* EXCERPTED DATA:
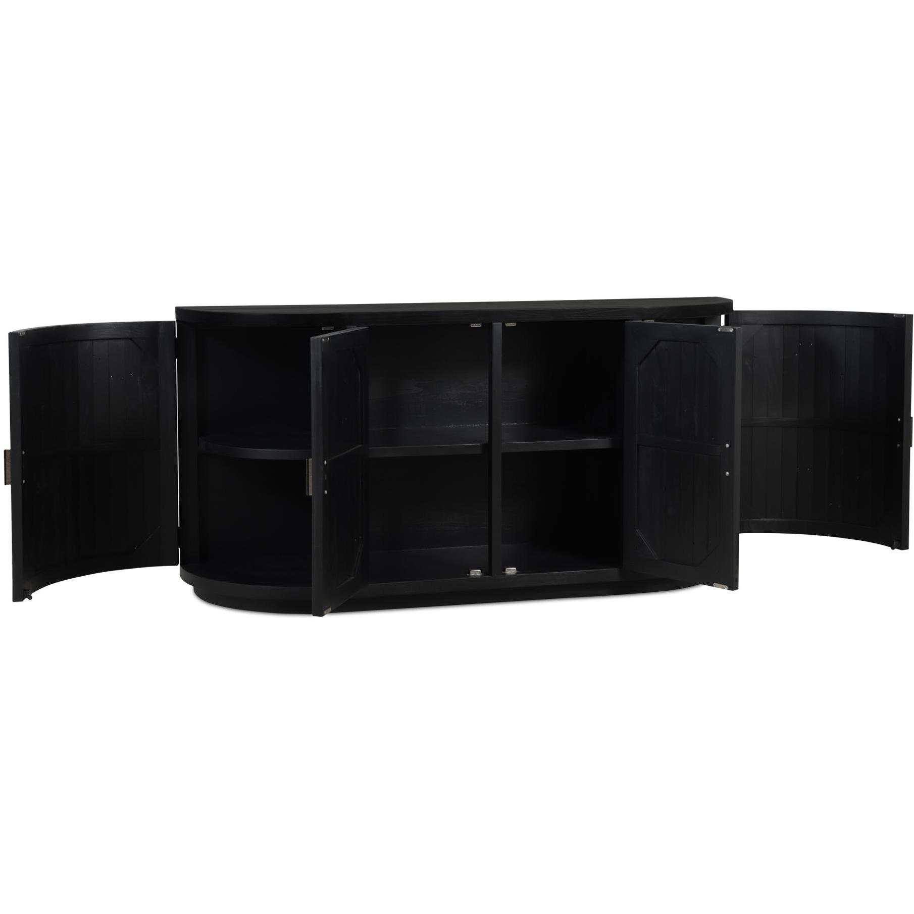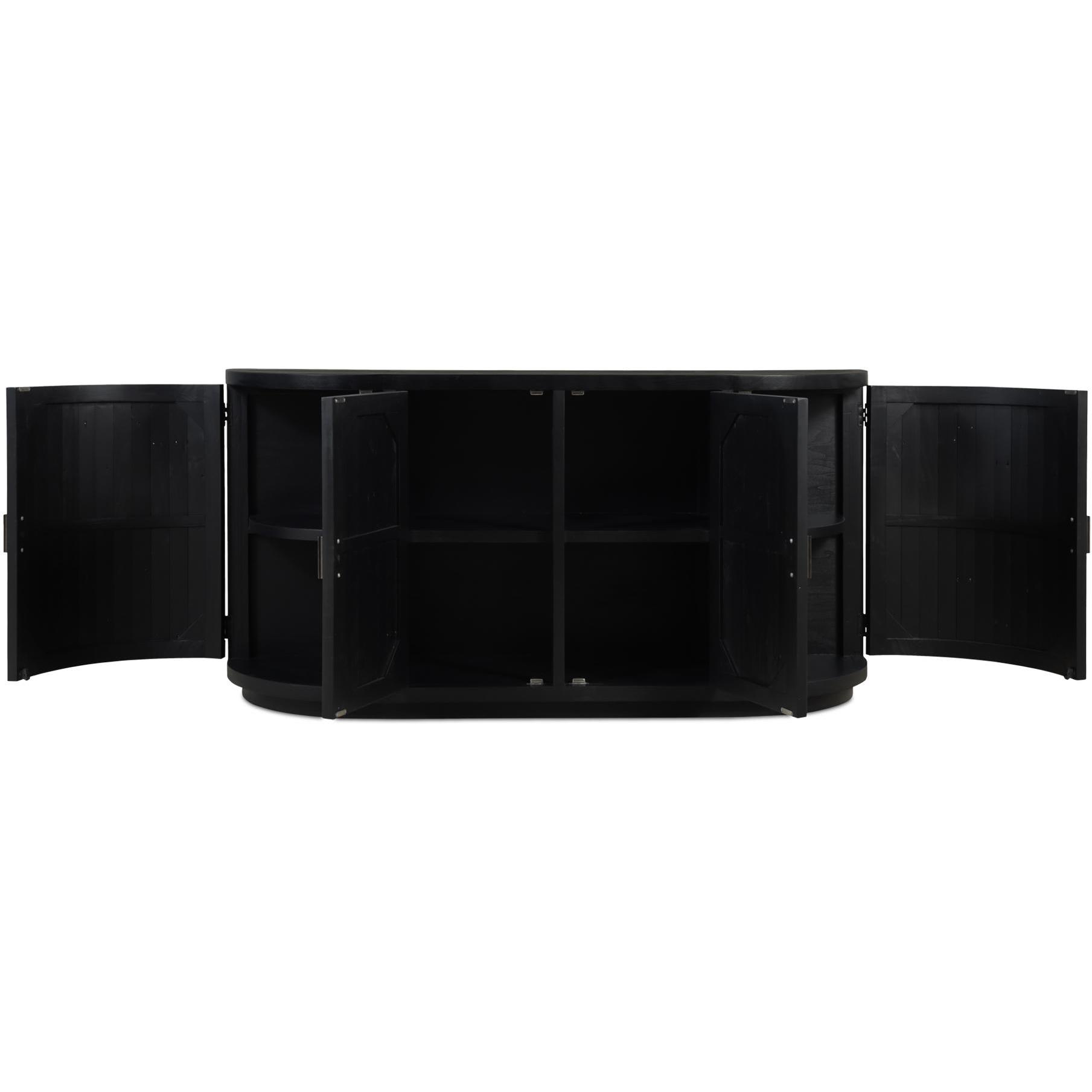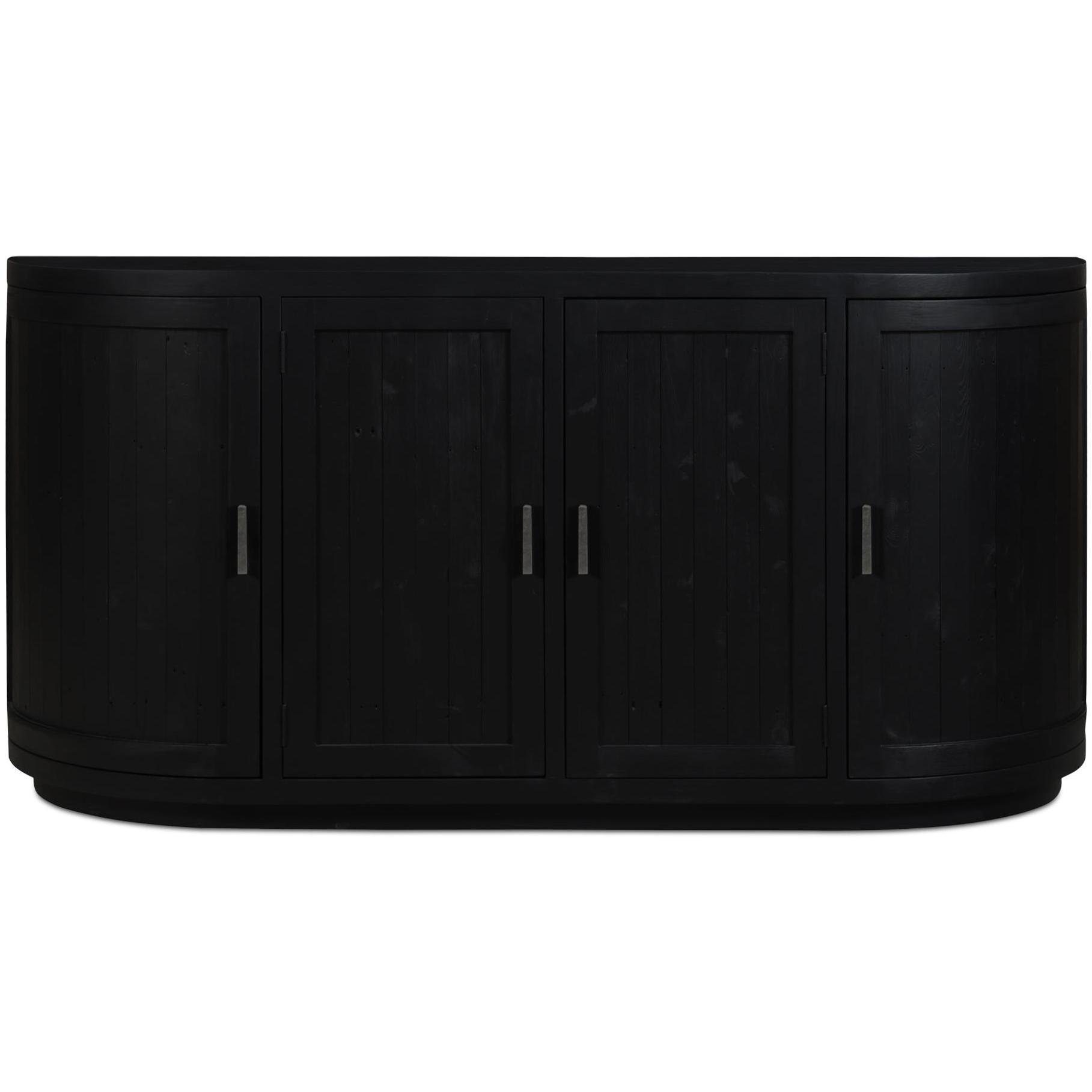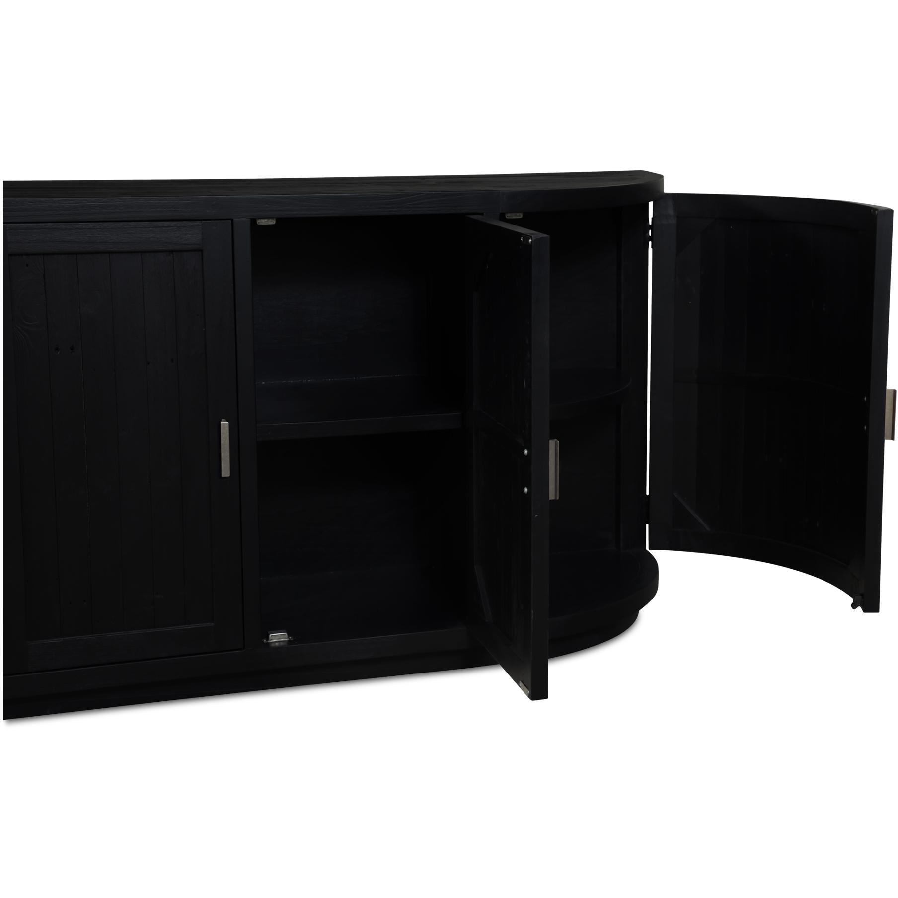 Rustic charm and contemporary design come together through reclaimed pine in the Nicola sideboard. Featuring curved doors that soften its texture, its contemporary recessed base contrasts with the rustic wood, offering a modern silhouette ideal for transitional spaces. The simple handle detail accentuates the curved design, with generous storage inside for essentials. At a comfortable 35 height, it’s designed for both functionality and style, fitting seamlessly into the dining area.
--
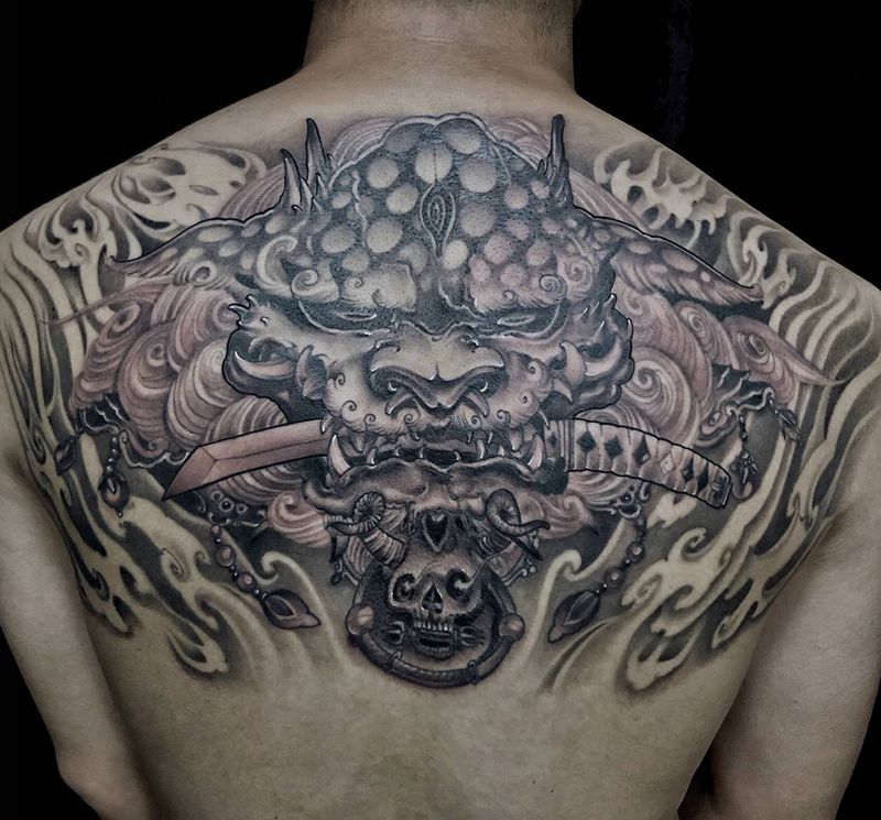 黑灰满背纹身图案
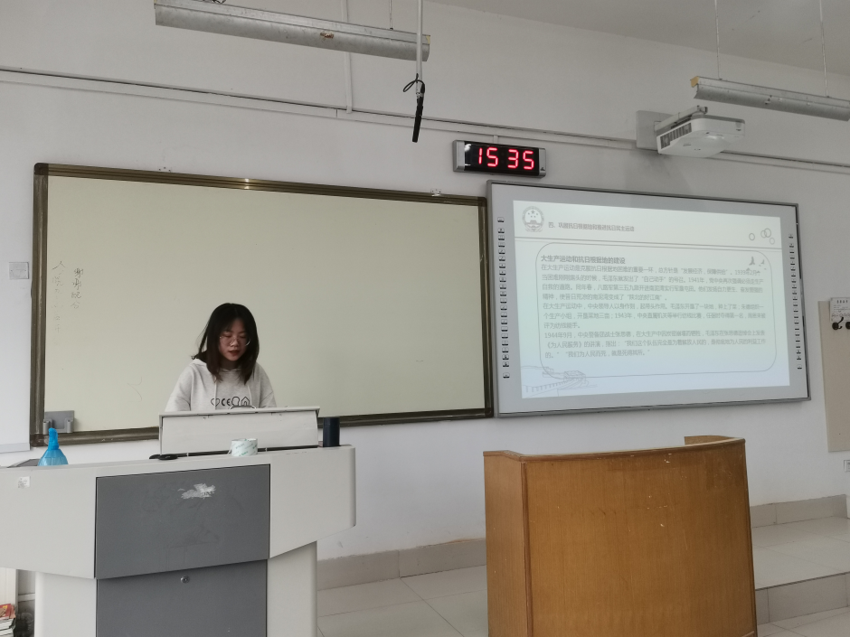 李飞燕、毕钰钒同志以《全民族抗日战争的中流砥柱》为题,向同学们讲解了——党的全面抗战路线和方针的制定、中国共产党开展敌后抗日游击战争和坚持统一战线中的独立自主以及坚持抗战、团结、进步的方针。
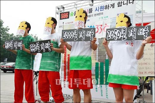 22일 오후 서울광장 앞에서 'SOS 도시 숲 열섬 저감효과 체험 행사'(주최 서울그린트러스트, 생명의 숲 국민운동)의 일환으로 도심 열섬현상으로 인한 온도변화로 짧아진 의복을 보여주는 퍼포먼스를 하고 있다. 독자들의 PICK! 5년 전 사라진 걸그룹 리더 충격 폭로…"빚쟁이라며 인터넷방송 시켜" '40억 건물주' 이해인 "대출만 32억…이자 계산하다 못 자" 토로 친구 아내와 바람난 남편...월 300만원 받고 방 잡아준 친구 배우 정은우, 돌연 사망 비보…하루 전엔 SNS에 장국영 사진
--
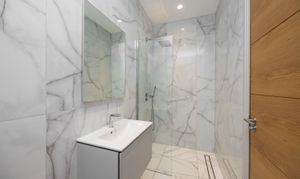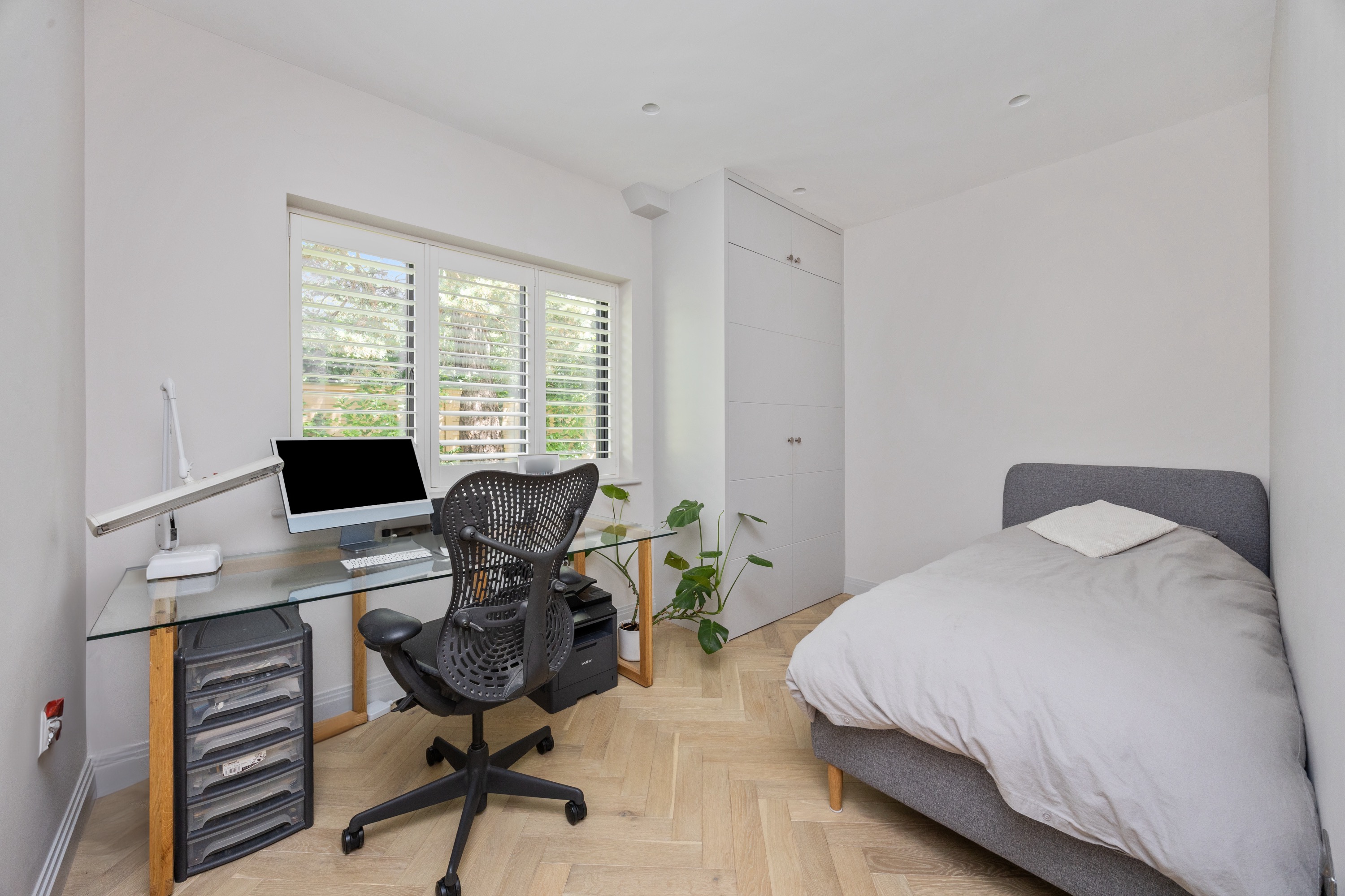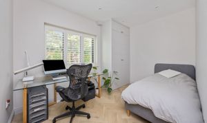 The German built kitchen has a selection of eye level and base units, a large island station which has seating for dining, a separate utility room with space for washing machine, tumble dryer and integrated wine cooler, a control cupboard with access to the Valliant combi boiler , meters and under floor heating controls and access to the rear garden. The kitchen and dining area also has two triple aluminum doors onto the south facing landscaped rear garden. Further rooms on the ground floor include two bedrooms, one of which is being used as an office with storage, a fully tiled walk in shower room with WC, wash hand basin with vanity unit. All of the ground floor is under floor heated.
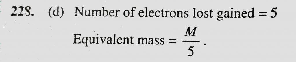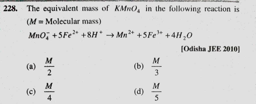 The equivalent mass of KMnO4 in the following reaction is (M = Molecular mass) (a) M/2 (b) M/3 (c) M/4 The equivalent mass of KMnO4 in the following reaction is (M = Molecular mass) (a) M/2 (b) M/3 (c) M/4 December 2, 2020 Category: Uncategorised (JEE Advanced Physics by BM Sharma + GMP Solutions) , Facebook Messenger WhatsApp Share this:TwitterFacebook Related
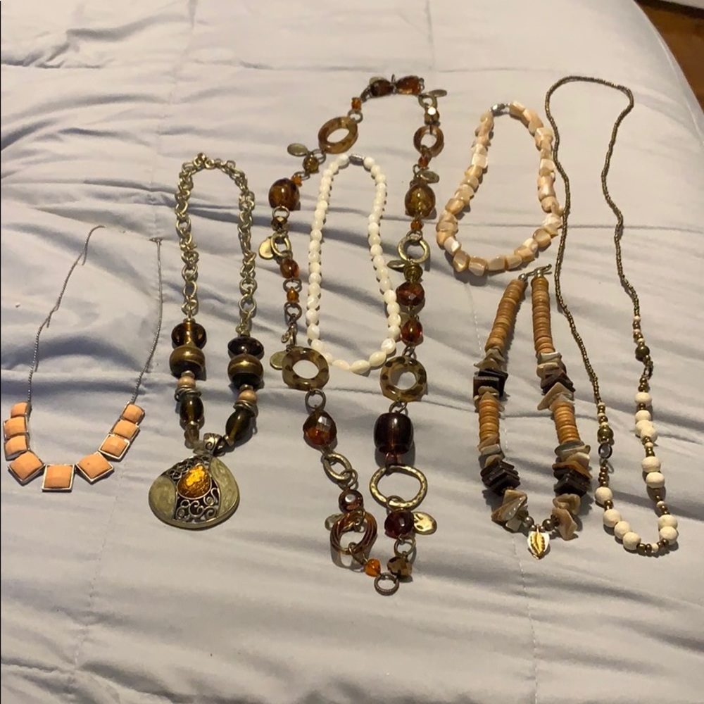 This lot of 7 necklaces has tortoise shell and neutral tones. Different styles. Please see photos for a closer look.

* PROBLEM TO SOLVE: In the listing above, find the line with "李飞燕、毕钰钒同志以《全民族" and the line with "22일 오후 서울광장". Copy both of them and every line between, exactly, but not the pictures.

* RESPONSE FOR THIS EXERCISE:
 李飞燕、毕钰钒同志以《全民族抗日战争的中流砥柱》为题,向同学们讲解了——党的全面抗战路线和方针的制定、中国共产党开展敌后抗日游击战争和坚持统一战线中的独立自主以及坚持抗战、团结、进步的方针。
 22일 오후 서울광장 앞에서 'SOS 도시 숲 열섬 저감효과 체험 행사'(주최 서울그린트러스트, 생명의 숲 국민운동)의 일환으로 도심 열섬현상으로 인한 온도변화로 짧아진 의복을 보여주는 퍼포먼스를 하고 있다. 독자들의 PICK! 5년 전 사라진 걸그룹 리더 충격 폭로…"빚쟁이라며 인터넷방송 시켜" '40억 건물주' 이해인 "대출만 32억…이자 계산하다 못 자" 토로 친구 아내와 바람난 남편...월 300만원 받고 방 잡아준 친구 배우 정은우, 돌연 사망 비보…하루 전엔 SNS에 장국영 사진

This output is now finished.